- _Dataset section_
──────

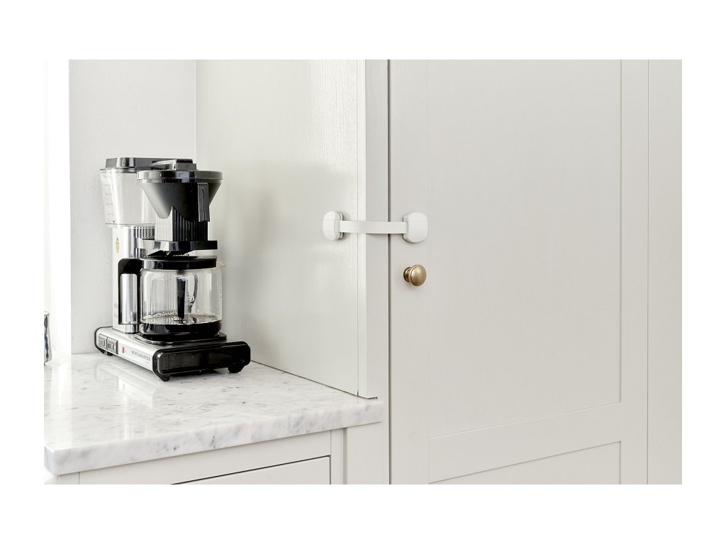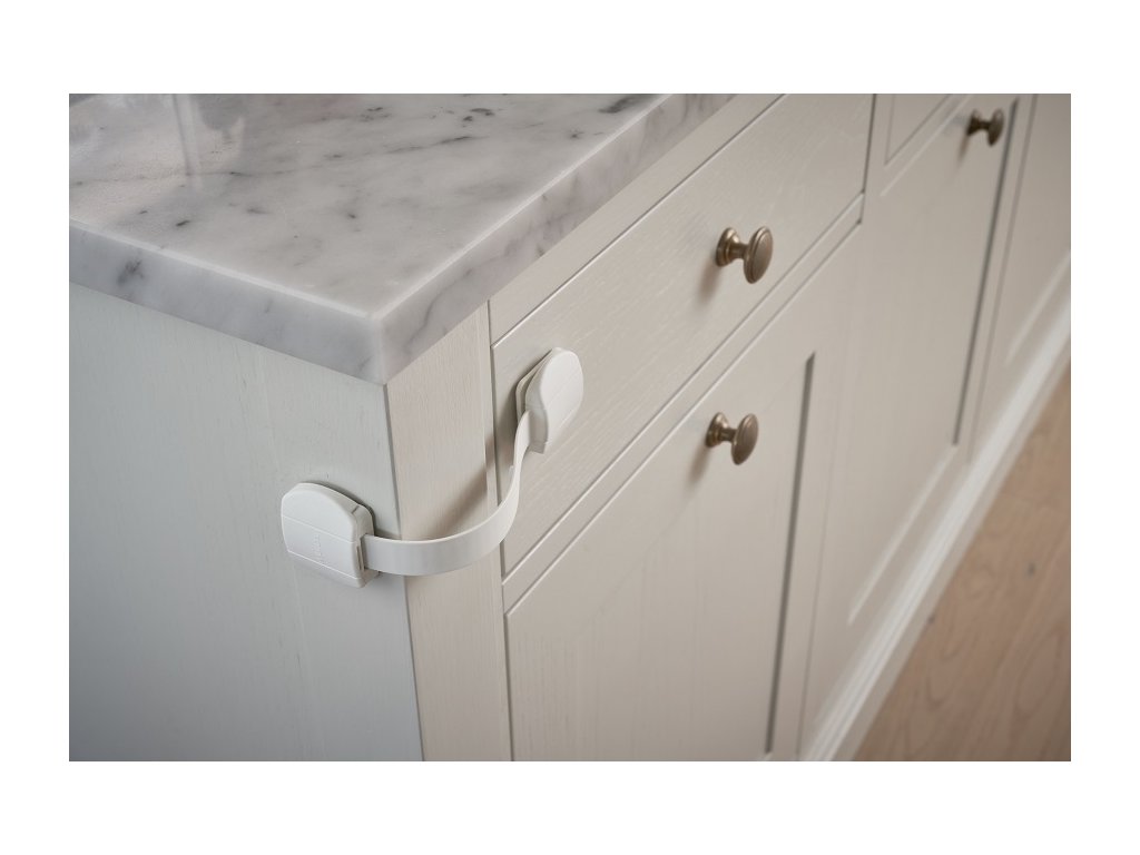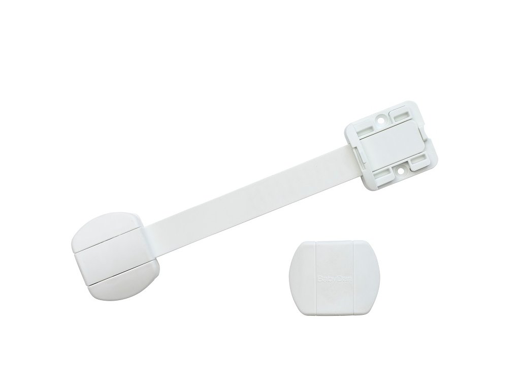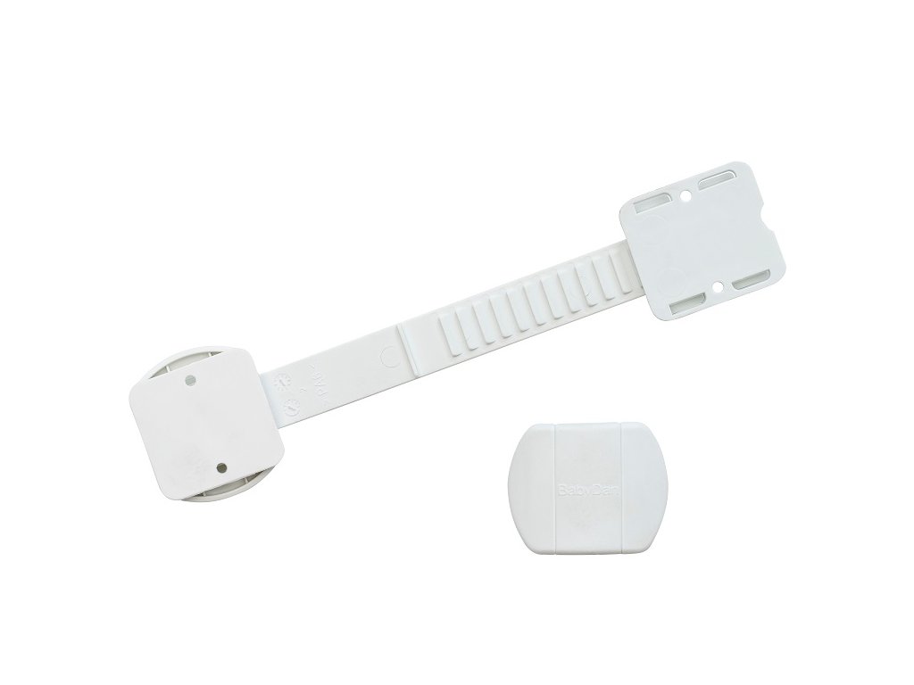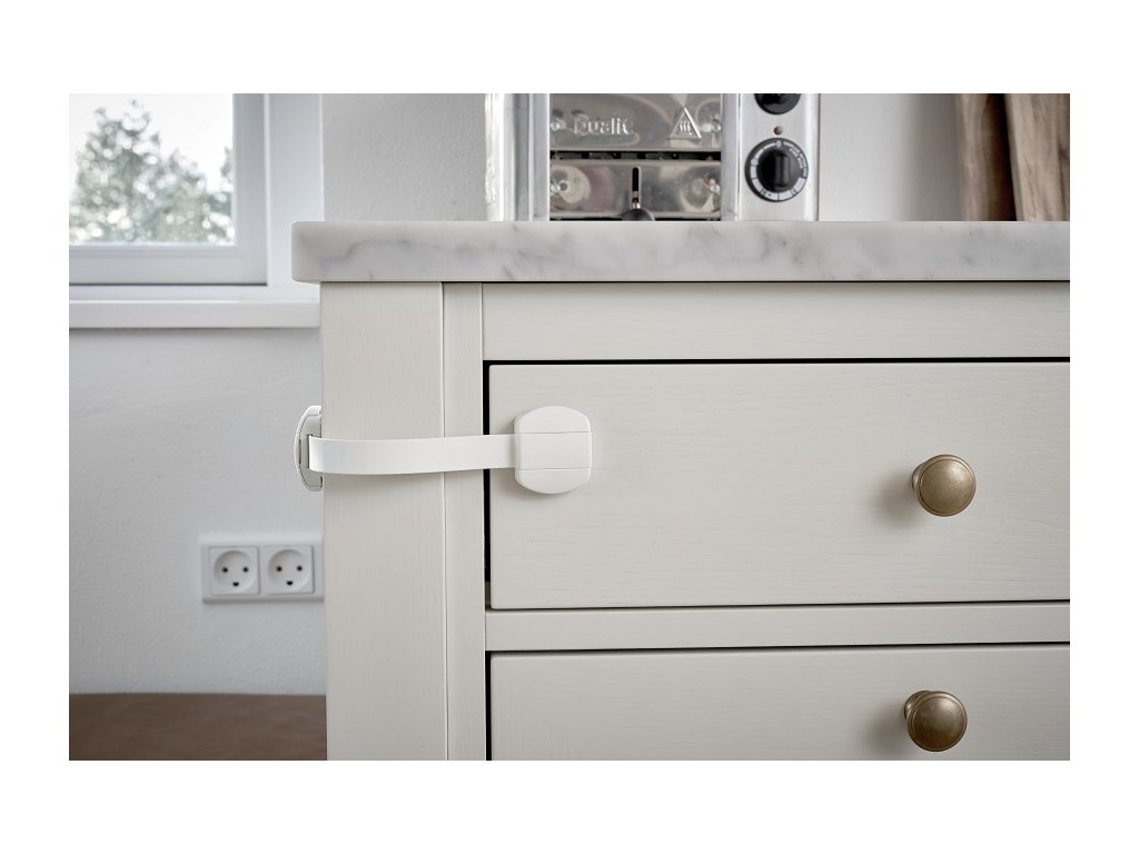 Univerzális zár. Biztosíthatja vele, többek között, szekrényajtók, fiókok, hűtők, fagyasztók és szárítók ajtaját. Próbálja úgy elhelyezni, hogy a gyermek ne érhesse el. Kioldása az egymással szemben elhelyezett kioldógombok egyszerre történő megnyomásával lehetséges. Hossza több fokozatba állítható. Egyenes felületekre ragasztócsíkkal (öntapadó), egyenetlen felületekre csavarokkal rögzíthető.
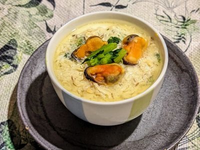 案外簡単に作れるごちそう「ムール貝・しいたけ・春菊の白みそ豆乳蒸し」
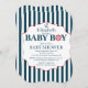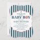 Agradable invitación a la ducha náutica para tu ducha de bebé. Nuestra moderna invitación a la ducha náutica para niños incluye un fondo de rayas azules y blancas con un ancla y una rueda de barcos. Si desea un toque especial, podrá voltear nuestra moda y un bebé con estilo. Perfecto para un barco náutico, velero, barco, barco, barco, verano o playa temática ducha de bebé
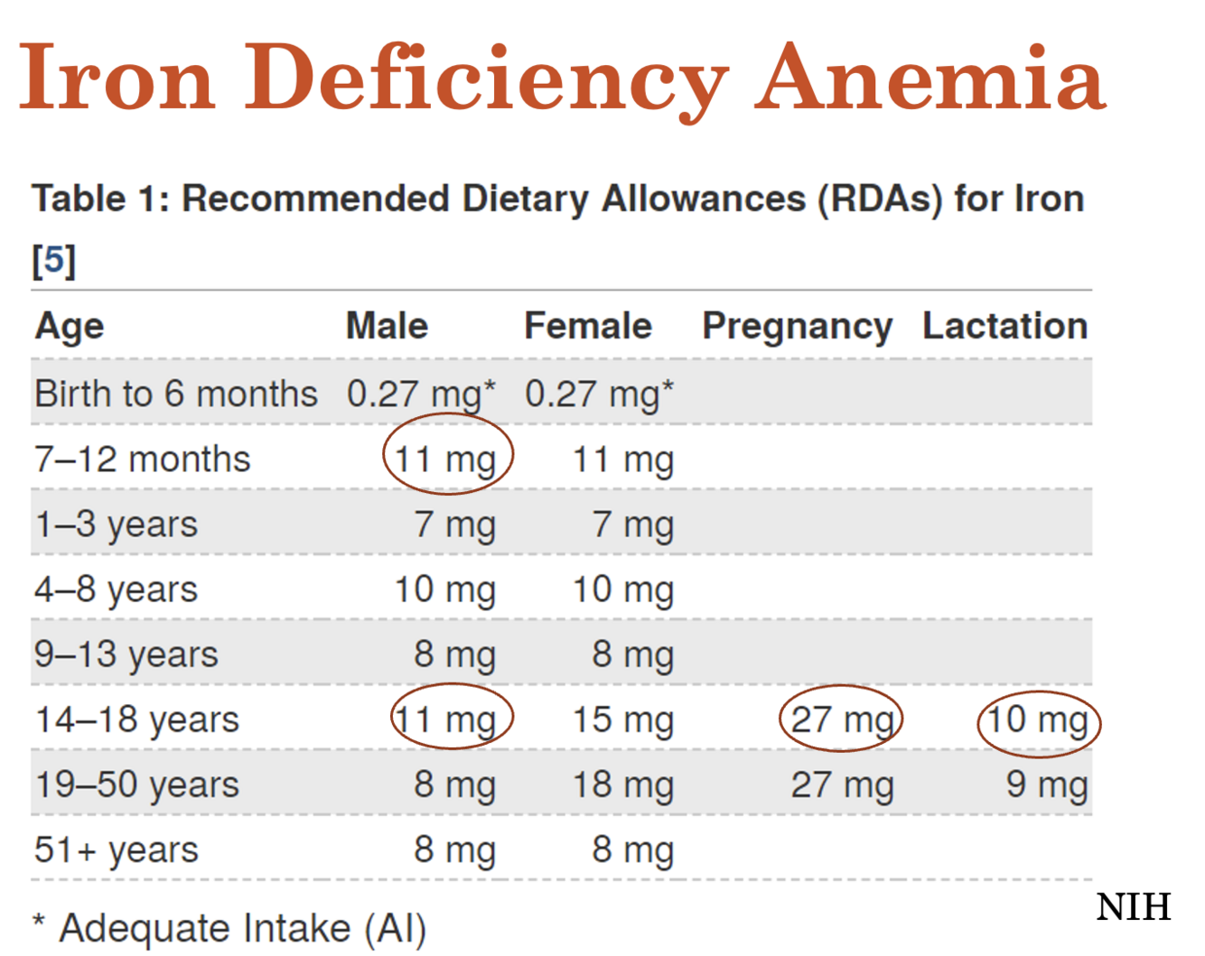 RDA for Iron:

──────

- _What needs to be done_
All that is needed is the lines from the line holding "案外簡単に作れるごちそう「ムール貝・しいたけ・春菊の白みそ豆乳蒸し」" to the final line of the listing above, repeated exactly, pictures excluded.

- _Answer section_
 案外簡単に作れるごちそう「ムール貝・しいたけ・春菊の白みそ豆乳蒸し」
 Agradable invitación a la ducha náutica para tu ducha de bebé. Nuestra moderna invitación a la ducha náutica para niños incluye un fondo de rayas azules y blancas con un ancla y una rueda de barcos. Si desea un toque especial, podrá voltear nuestra moda y un bebé con estilo. Perfecto para un barco náutico, velero, barco, barco, barco, verano o playa temática ducha de bebé
 RDA for Iron:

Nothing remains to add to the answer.